I rang and told the girl to have Mrs. Randall prepare a tray for the professor, and she returned with it inside of five minutes. Moriarty ate rapidly, seemingly unaware of what he was eating, his eyes fixed on the far wall. I had seen these symptoms before. He was working out some problem, and I knew better than to interrupt. If it was a difficult one he might spend hours, or even days, with a pencil and notepad in front of him, drinking countless cups of coffee and consuming endless cigars, or quantities of the rough-cut Virginia tobacco he favored in one of his briar pipes, and staring off into space before he again became conscious of his surroundings.
But this time the problem had worked itself out by the time he finished the last of the roast, and he poured himself a small glass of cognac and waved the bottle in my direction. "This was laid in the cask twenty years before we met," he said, "and it has aged well. Let me pour you a dram!"
"Not tonight, Moriarty," I said. "Tell me what you have discovered!"
"Ah!" he said. "There was a fact in the new earl of Whitton's statement to us that begged for examination, and I have spent the afternoon and evening examining it."
"What fact?" I asked.
"How many clubs are you a member of, my friend?"
I thought for a second. "Let's see… the Century, the American Service Club, Whites, the Bellona; that's it at present."
"And you have, no doubt, an intimate knowledge of two or three others through guest membership, or visiting friends and the like?"
"I suppose so."
"And of these half-dozen clubs you are well-acquainted with, how many have club doctors?"
"I'm sure they all have physician members," I said.
"Your reasoning is impeccable," Moriarty said. "But how many of them have doctors on staff?"
"Why, none," I said. "Why would a club keep a doctor on staff?"

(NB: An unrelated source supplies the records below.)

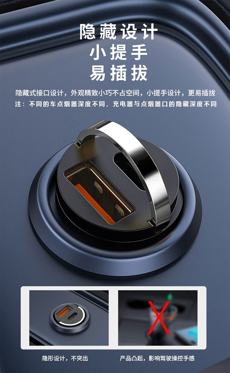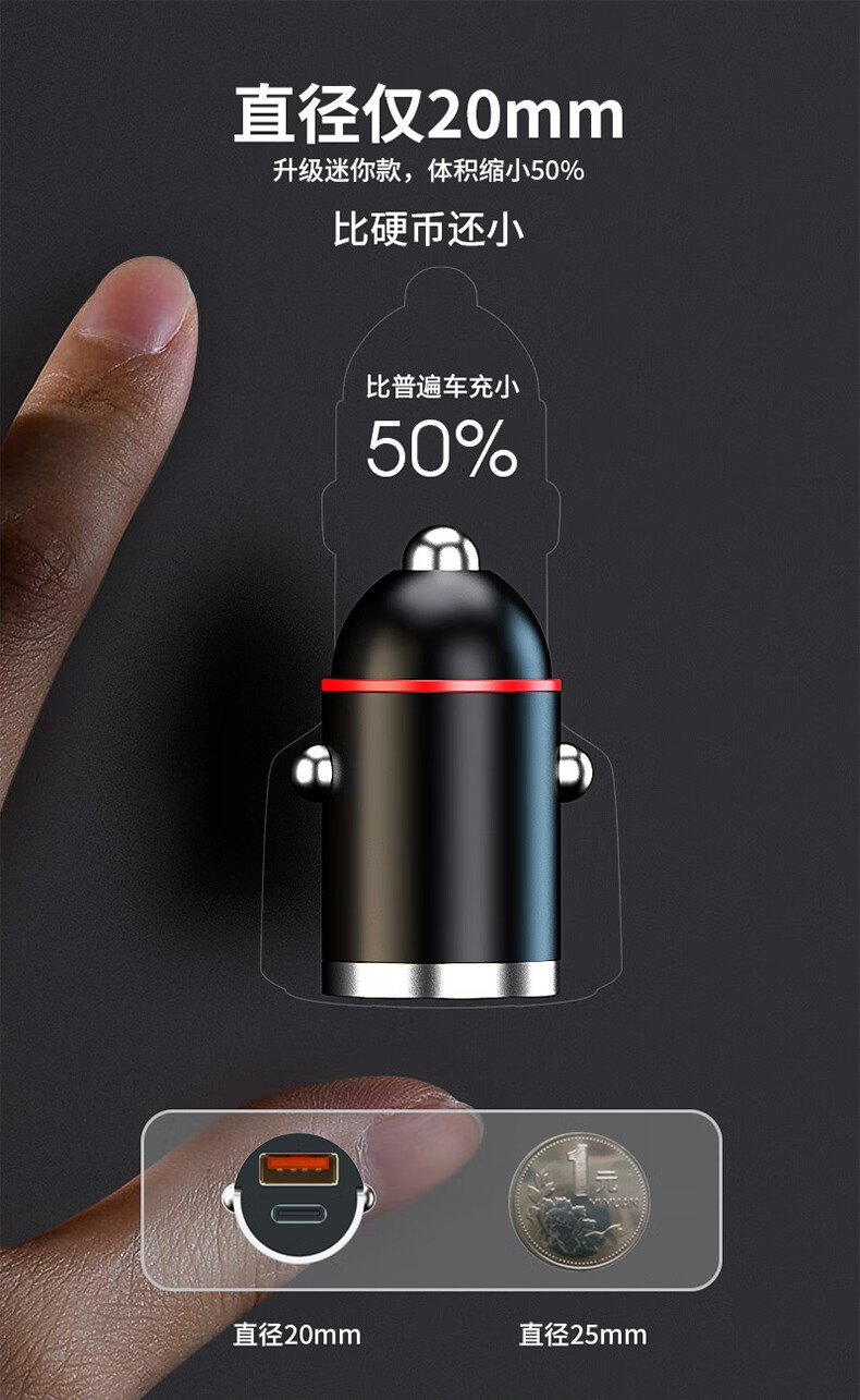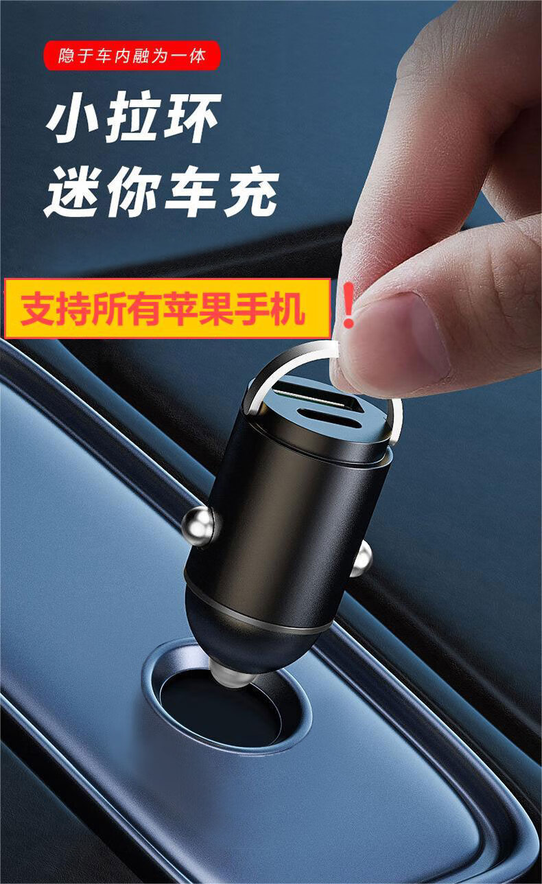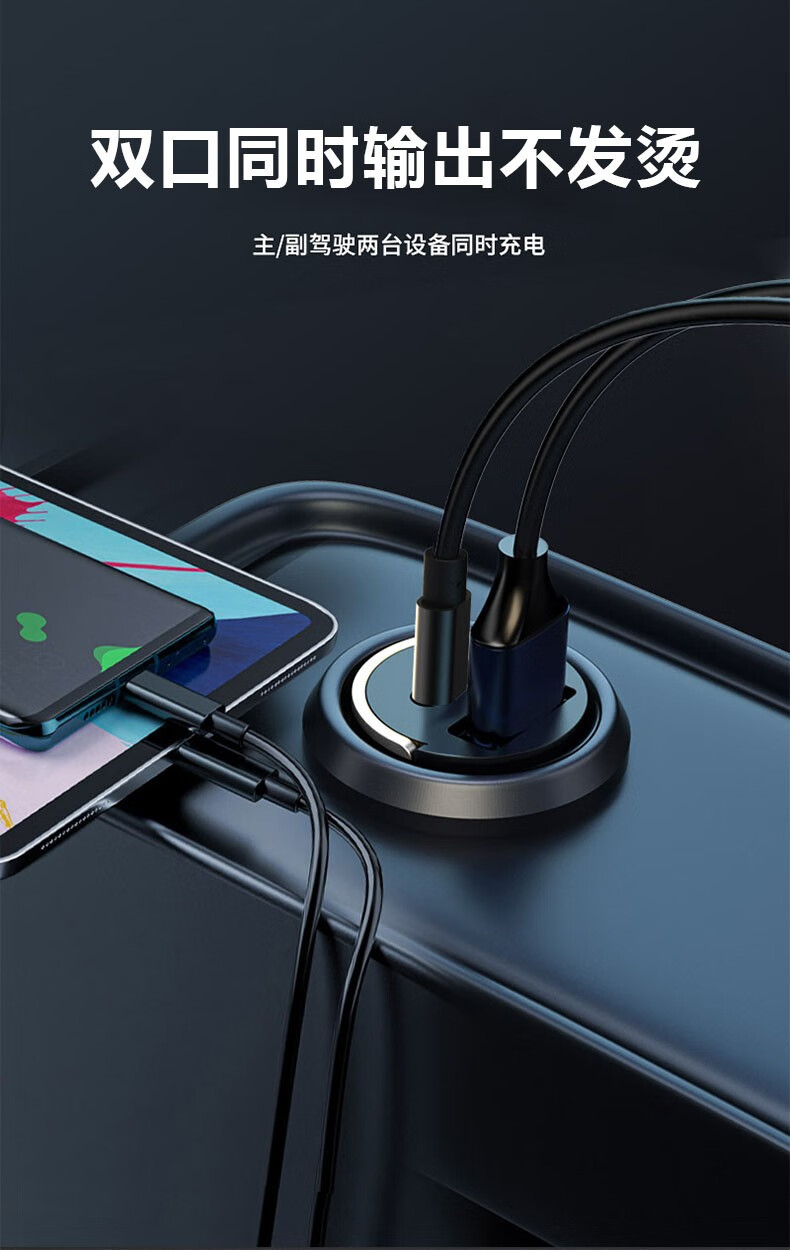 纽曼【精选好物】 车载充电器100W迷你快充闪充一拖二汽车点烟器转换 迷你拉环隐藏式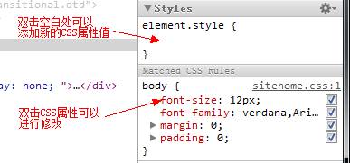 Elements标签页的右侧可以对元素的CSS进行查看与编辑修改:
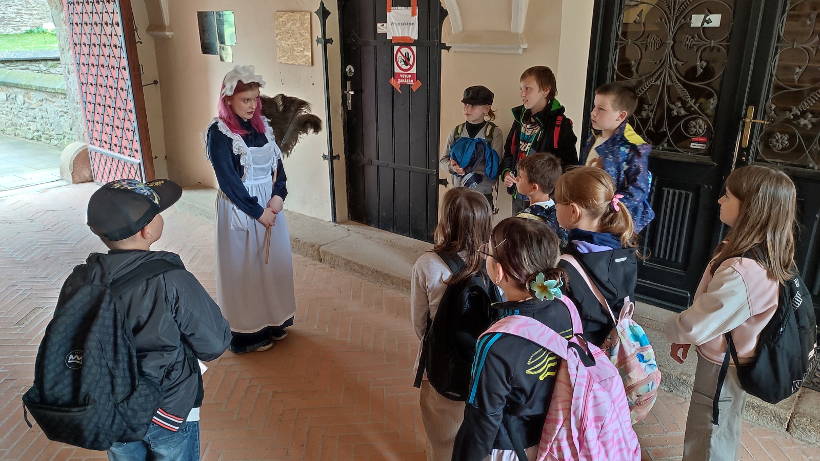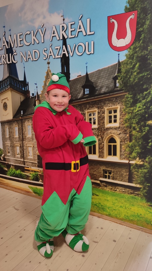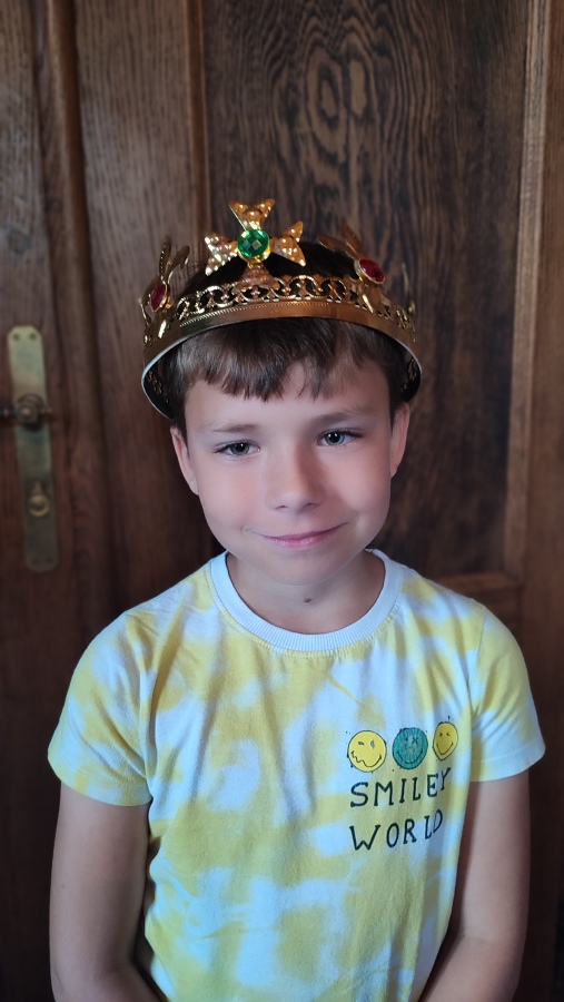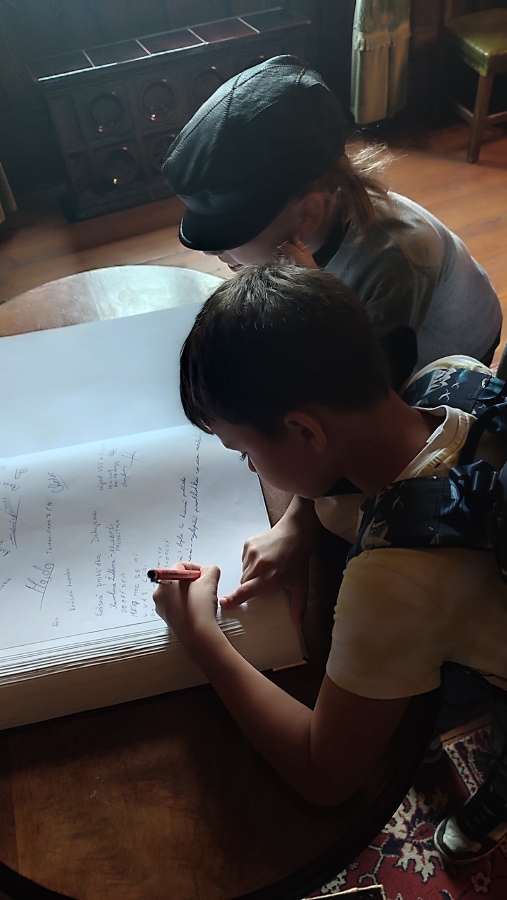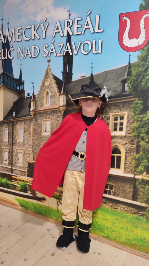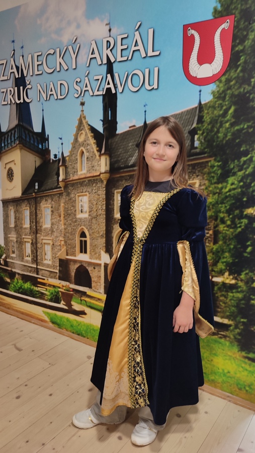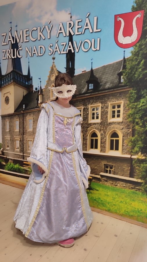 Na zručském zámku na nás čekala komorná Agáta, která nás provedla do všech zámeckých zákoutí. Prohlédli jsme si nádherně prostřenou jídelnu, poslechli orchestrion, podepsali se husím brkem, sestoupili jsme do zámecké koupelny, zatančili si v zrcadlovém sále a v obrovském trezoru v pracovně zámeckého pána jsme objevili zlatou korunu. Po prohlídce jsme se podepsali do knihy návštěv a utíkali jsme do infocentra nakupovat suvenýry.
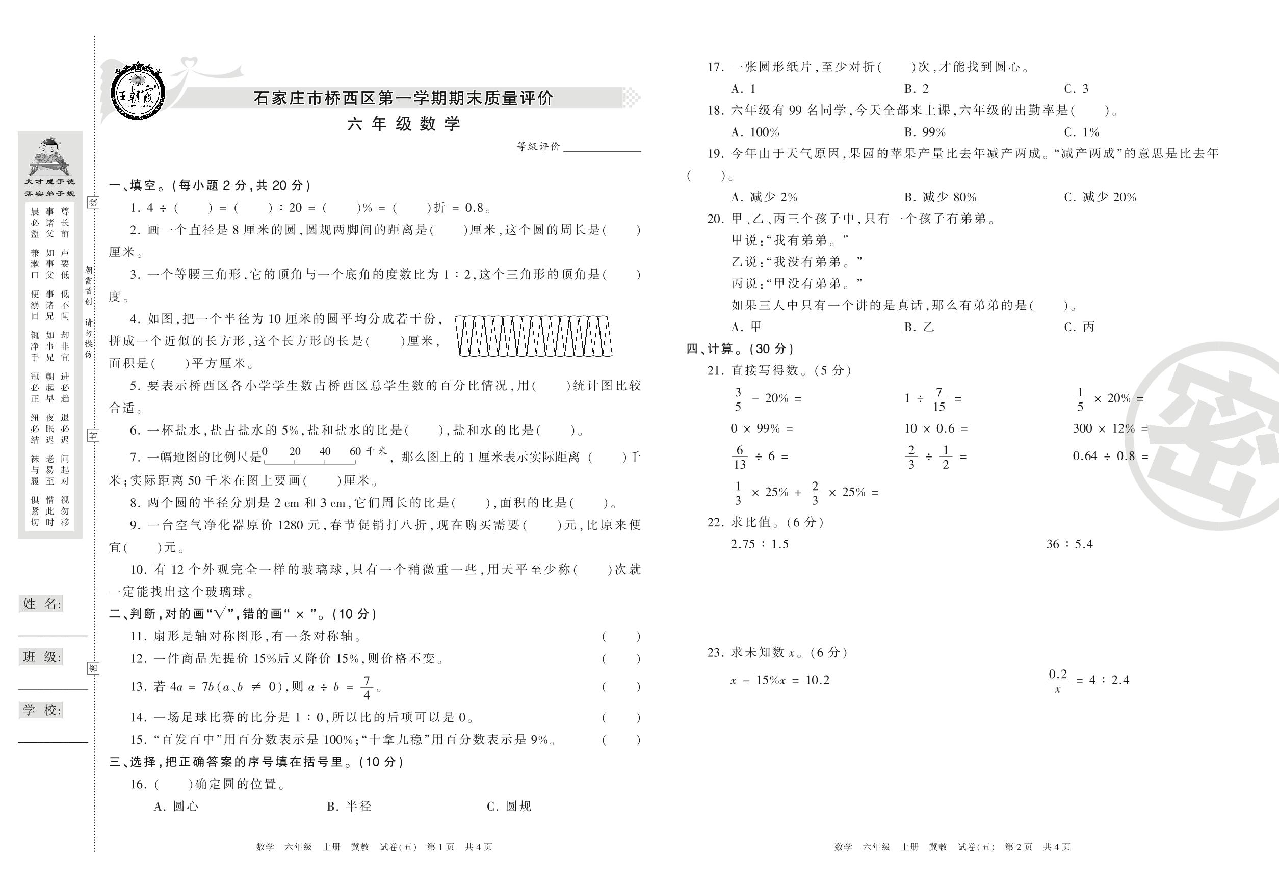 2016-2017学年第一学期石家庄市桥西区六年级数学试卷(冀教版)【5】

"My question exactly," Moriarty said. "But Dr. Papoli was described by both Lord Tams and Inspector Lestrade as the club doctor, which implies a professional relationship between the doctor and the club. And a further question: if, for some reason, the directors of a club decided to hire a doctor, would they pick one who, as Lord Tams told us, lacks a British medical degree?"
"Certainly not!" I said.
"Quite so. And so I went to that area of the East End that is teaming with Balkan immigrants and I let it be known that I was in search of a doctor. I hinted at mysterious needs, but I was very vague, since I didn't know just what the needs in question were."
"But Moriarty," I said, "You don't speak the language."
"There are five or six possible languages," Moriarty said. "Whenever someone spoke to me in anything other than English, I told him I was from Ugarte, and didn't understand his dialect."
"Where is Ugarte?" I asked.
"I have no idea," Moriarty said. "I would be very surprised if there is any such place."
"What did you find out?" I asked.
"That Dr. Papoli is looked upon with almost superstitious dread by his countrymen, and that he has recently hired several assistants with strong backs and dubious reputations."
"And what does that tell you?"
"That a visit to the Paradol Club is in order for tomorrow. But for now I will enjoy my cognac, and then get a good night's sleep."